Work instruction:
Up to and including the line with "如约拿书的图解所示,按照顺序", return every line from the start of the entries below exactly.

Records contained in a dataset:

*** Block opens ***

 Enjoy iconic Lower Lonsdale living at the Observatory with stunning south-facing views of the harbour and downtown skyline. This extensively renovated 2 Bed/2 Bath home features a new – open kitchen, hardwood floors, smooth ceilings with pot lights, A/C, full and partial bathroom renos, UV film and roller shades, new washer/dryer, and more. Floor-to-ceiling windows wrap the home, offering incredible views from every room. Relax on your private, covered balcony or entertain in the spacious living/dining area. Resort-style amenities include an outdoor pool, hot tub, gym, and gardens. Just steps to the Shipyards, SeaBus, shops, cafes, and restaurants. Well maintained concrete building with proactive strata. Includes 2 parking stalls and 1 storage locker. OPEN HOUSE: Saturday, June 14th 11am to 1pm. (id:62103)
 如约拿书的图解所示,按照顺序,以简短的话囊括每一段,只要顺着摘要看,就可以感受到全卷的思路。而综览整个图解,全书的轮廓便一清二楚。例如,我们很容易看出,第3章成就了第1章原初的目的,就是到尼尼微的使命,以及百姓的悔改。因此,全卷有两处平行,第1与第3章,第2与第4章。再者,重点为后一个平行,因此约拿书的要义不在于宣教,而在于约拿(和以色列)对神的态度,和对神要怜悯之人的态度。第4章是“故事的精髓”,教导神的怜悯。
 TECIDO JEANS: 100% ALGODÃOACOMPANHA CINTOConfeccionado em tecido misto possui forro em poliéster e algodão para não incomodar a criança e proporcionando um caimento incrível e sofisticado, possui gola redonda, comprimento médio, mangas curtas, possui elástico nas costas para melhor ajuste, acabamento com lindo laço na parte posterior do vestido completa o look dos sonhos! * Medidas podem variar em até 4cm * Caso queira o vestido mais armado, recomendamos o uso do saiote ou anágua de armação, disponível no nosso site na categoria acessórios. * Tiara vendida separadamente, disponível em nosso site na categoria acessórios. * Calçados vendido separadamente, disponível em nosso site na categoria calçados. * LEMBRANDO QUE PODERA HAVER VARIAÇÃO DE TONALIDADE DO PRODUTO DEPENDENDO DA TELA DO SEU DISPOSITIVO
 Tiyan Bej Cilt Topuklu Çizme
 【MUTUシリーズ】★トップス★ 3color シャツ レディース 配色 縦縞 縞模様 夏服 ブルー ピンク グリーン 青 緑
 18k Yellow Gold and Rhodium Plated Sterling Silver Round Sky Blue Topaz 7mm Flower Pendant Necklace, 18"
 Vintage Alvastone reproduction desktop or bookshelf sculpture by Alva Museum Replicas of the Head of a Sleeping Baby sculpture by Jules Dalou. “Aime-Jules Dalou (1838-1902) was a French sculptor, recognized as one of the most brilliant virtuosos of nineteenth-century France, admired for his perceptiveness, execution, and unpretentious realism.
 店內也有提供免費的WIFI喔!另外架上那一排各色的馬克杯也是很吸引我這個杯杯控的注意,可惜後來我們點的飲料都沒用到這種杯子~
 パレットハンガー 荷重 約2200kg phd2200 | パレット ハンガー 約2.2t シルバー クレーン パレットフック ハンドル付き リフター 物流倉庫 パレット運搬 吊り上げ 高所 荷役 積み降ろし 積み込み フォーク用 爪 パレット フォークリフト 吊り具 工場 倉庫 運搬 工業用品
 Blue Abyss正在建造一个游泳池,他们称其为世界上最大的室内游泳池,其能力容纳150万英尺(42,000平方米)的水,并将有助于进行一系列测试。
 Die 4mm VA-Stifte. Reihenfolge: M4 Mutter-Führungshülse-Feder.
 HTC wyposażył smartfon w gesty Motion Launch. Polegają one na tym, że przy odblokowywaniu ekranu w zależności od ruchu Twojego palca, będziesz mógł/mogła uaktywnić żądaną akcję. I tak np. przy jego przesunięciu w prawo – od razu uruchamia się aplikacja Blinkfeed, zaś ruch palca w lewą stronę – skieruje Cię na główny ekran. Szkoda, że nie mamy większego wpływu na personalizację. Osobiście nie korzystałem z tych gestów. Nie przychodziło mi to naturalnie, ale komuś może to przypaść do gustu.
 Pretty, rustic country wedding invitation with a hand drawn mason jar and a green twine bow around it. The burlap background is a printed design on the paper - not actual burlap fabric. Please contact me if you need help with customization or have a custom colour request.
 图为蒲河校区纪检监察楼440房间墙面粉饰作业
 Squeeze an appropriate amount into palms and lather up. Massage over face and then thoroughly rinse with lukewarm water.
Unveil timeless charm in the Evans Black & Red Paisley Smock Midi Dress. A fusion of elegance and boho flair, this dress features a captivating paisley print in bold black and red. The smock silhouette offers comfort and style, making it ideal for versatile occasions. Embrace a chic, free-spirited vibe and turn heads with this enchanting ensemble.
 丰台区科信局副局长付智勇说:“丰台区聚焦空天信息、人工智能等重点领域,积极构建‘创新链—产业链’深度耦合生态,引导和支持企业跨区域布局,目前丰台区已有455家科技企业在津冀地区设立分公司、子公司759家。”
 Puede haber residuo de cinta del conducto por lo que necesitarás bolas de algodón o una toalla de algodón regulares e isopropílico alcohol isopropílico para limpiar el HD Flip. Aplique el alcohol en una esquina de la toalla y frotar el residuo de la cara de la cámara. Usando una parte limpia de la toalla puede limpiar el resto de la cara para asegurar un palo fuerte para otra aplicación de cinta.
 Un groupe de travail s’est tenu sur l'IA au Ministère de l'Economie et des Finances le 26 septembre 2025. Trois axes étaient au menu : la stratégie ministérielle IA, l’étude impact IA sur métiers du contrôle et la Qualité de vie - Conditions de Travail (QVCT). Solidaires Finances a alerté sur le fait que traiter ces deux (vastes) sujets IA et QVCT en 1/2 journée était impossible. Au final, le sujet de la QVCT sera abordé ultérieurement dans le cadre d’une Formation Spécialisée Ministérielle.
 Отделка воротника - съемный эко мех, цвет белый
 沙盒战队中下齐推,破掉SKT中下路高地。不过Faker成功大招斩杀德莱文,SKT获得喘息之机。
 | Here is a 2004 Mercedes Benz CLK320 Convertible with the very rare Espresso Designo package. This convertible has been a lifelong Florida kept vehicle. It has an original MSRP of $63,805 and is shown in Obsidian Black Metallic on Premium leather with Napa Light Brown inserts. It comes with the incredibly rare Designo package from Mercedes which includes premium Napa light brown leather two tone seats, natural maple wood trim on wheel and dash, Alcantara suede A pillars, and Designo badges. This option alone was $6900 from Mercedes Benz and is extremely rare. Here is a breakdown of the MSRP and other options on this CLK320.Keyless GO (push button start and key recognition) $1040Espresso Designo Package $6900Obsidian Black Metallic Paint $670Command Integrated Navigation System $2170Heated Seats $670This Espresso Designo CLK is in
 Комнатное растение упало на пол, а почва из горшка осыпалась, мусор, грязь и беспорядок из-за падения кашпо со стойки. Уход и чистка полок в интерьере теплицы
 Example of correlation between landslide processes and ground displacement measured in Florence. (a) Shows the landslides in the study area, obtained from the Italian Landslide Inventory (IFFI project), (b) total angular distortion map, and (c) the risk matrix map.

*** Block closes ***

Exercise output:
 Enjoy iconic Lower Lonsdale living at the Observatory with stunning south-facing views of the harbour and downtown skyline. This extensively renovated 2 Bed/2 Bath home features a new – open kitchen, hardwood floors, smooth ceilings with pot lights, A/C, full and partial bathroom renos, UV film and roller shades, new washer/dryer, and more. Floor-to-ceiling windows wrap the home, offering incredible views from every room. Relax on your private, covered balcony or entertain in the spacious living/dining area. Resort-style amenities include an outdoor pool, hot tub, gym, and gardens. Just steps to the Shipyards, SeaBus, shops, cafes, and restaurants. Well maintained concrete building with proactive strata. Includes 2 parking stalls and 1 storage locker. OPEN HOUSE: Saturday, June 14th 11am to 1pm. (id:62103)
 如约拿书的图解所示,按照顺序,以简短的话囊括每一段,只要顺着摘要看,就可以感受到全卷的思路。而综览整个图解,全书的轮廓便一清二楚。例如,我们很容易看出,第3章成就了第1章原初的目的,就是到尼尼微的使命,以及百姓的悔改。因此,全卷有两处平行,第1与第3章,第2与第4章。再者,重点为后一个平行,因此约拿书的要义不在于宣教,而在于约拿(和以色列)对神的态度,和对神要怜悯之人的态度。第4章是“故事的精髓”,教导神的怜悯。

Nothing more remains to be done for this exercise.